TABLE 2 likelihood matrix
Table 2 is a table relating to the likelihood matrix for these 8The 5 genes of the sample were determined separatelyThus obtaining a likelihood matrix, and the data in the table is transformed likelihood data.
Obtaining differentially expressed genes for each disease sample
Using the transformed likelihood matrix obtained by the mRNA gene expression matrix, assuming that the normal sample still obeys normal distribution at this time, counting whether the genes in each disease sample are significantly different in the normal sample, thereby obtaining a differential expression gene set (p <0.05) for each disease sample, as shown in table 3:
table 3 differential genes selected
As shown in table 3, for the four disease samples (d1, d2, d3, d4), it was examined whether each gene was significantly different in the normal sample (p <0.05), and the bolded data in the table indicates that the genes were significantly different in the corresponding samples.
Network marker acquisition
Since the difference gene obtained by the gene expression amount may have a false positive condition, the interaction relationship between the genes in the PPI is used to delete the false positive portion.
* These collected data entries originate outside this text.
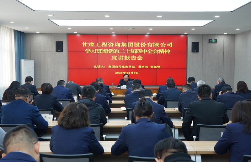 12月9日,甘肅工程咨詢集團(tuán)召開學(xué)習(xí)貫徹黨的二十屆四中全會(huì)精神宣講報(bào)告會(huì)。集團(tuán)公司黨委書記、董事長(zhǎng)張佩峰作專題宣講報(bào)告,圍繞全會(huì)重大意義、核心要義及“十四五”發(fā)展成就、“十五五”時(shí)期目標(biāo)任務(wù)等進(jìn)行了系統(tǒng)闡釋,并結(jié)合集團(tuán)實(shí)際提出貫徹落實(shí)的思路舉措。
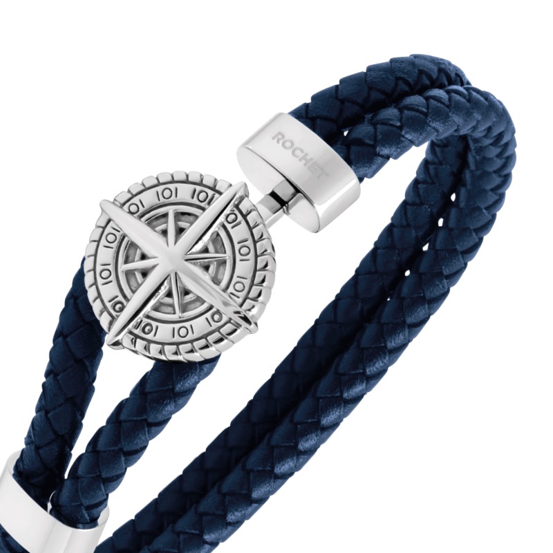 Bracelet Homme Rochet Cap Horn Acier et Cuir Tressé Bleu HB0806
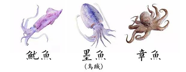 章鱼,又称八爪鱼;墨鱼,又称乌贼、花枝;鱿鱼,又称枪乌贼。三者都属于头足纲(Cephalopoda),身体可分为头部、足部和胴部。其中胴部就是外套膜,有三种形态,章鱼是球形,乌贼是袋形,而鱿鱼是锥形章鱼、乌贼鱿鱼在外形上的区别首先是外套膜
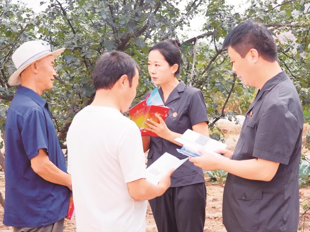 三河法庭干警深入田間地頭,向村民發(fā)放法律宣傳手冊(cè)。武都區(qū)法院供圖
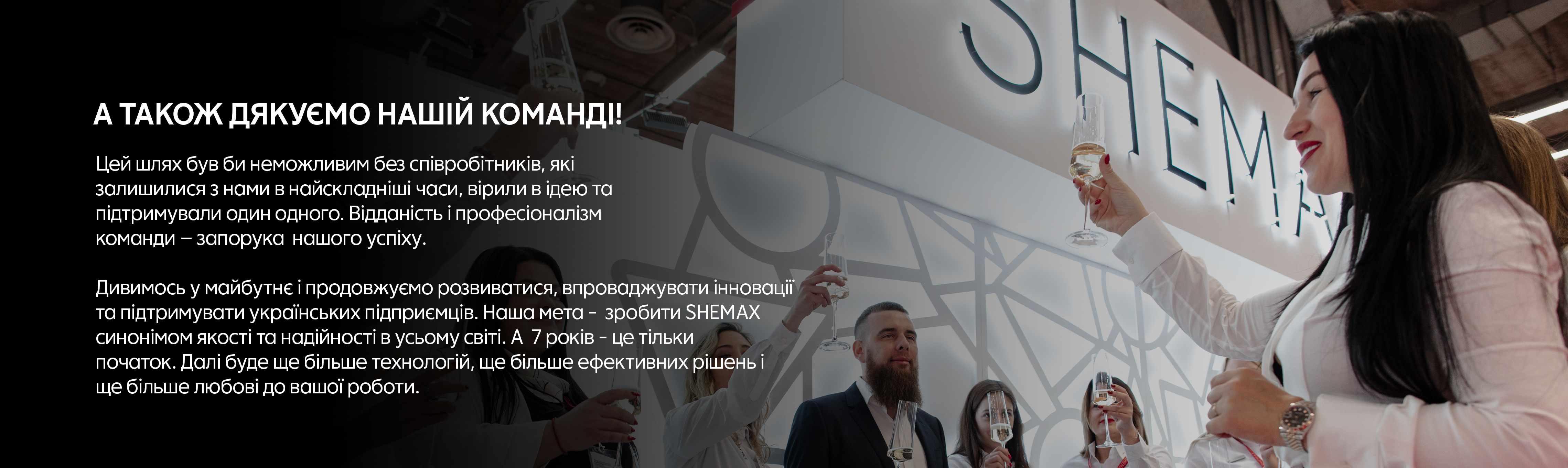 Дивимось у майбутнє і продовжуємо розвиватися, впроваджувати інновації та підтримувати українських підприємців. Наша мета - зробити SHEMAX синонімом якості та надійності в усьому світі.
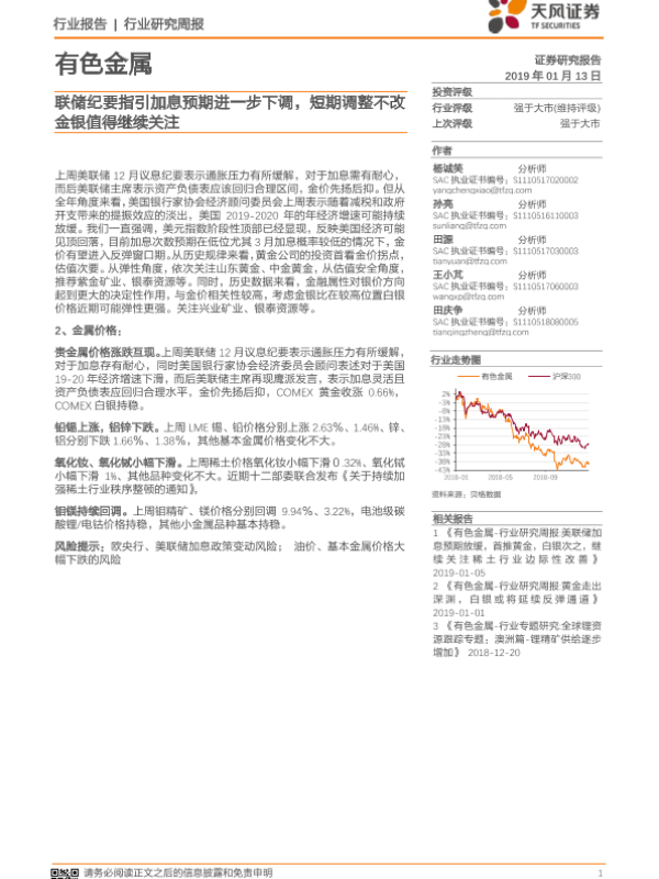 【天风证券】【20190113】有色金属行业研究周报:联储纪要指引加息预期进一步下调,短期调整不改金银值得继续关注-17页
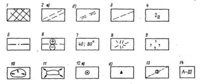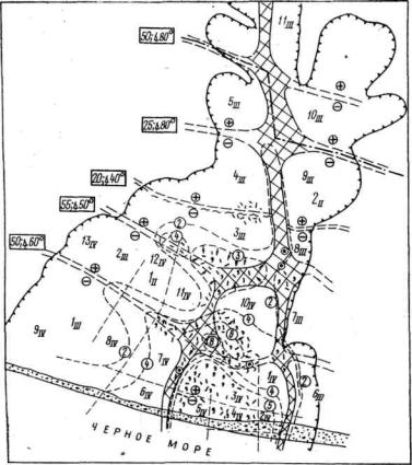 1 - зона дробления поперечного разрыва второго порядка; 2- линии продольных разрывов третьего порядка: а) достоверные; б) предполагаемые; 3 - линии продольных и поперечных разрывов четвертого порядка; 4 - структурно-тектонические блоки: арабская цифра- номер блока, римская цифра - порядок блока; 5 - граница раздела опускающейся и поднимающейся территорий; 6- знак относительного перемещения смежных тектонических блоков; 7 - цифры (слева направо): максимальная амплитуда относительного перемещения смежных тектонических блоков, угол наклона видимой поверхности сместителя; 8 - участки повышенной тектонической раздробленности коренных пород таврической серии; 9 - участки зон дробления разрыва с повышенным содержанием белых порошкообразных солей (гипс, тенардит); 10 - участки поглощения зонами тектонических разрывов (в породах таврической серии) подземных вод из оползневых накоплений; 11- участки подпитывания подземных вод оползневых накоплений водами повышенной минерализации, поступающими из зон дробления и трещиноватости тектонических разрывов; 12 - а) буровые скважины, б) точки вертикального электрозондирования, зафиксировавшие зоны дробления тектонических разрывов; 13 - изолинии равных величин минерализации подземных вод, вскрытых в коренных породах и смещенных блоках таврической серии; в кружочке величина минерализации, г/л; 14 - индекс оползневой системы: буква-группа системы, цифра - тип системы (в соответствии с типизацией оползневых систем ЮБК по тектоническим факторам оползнеобразования).

In the network, if a certain gene is significantly different and many genes directly connected with the certain gene are different genes, the different genes are considered to be relatively stable and are used as cancer markers of a sample, the screening standard is that the genes with the top five connecting base factors in the different gene network and the first-order nodes connected with the genes are used as network markers, and the dark squares shown in fig. 3 are the screened network markers.
Classification of different subtypes of cancer
Classifying the endometrial cancer (UCEC) data into different subtypes according to the obtained network marker information of each disease sample and combining the existing cancer subtype knowledge and clinical data of the disease samples as shown in figure 4 to obtain a subtype classification result graph of the cancer UCEC and a number distribution graph of each subtype sample of the cancer UCEC as shown in figures 5 and 6, and further obtain a survival curve of each subtype of the cancer UCEC as shown in figure 7, wherein the survival difference between each subtype is characterized by a p value, and p <0.05 indicates that the cancer subtypes have larger difference.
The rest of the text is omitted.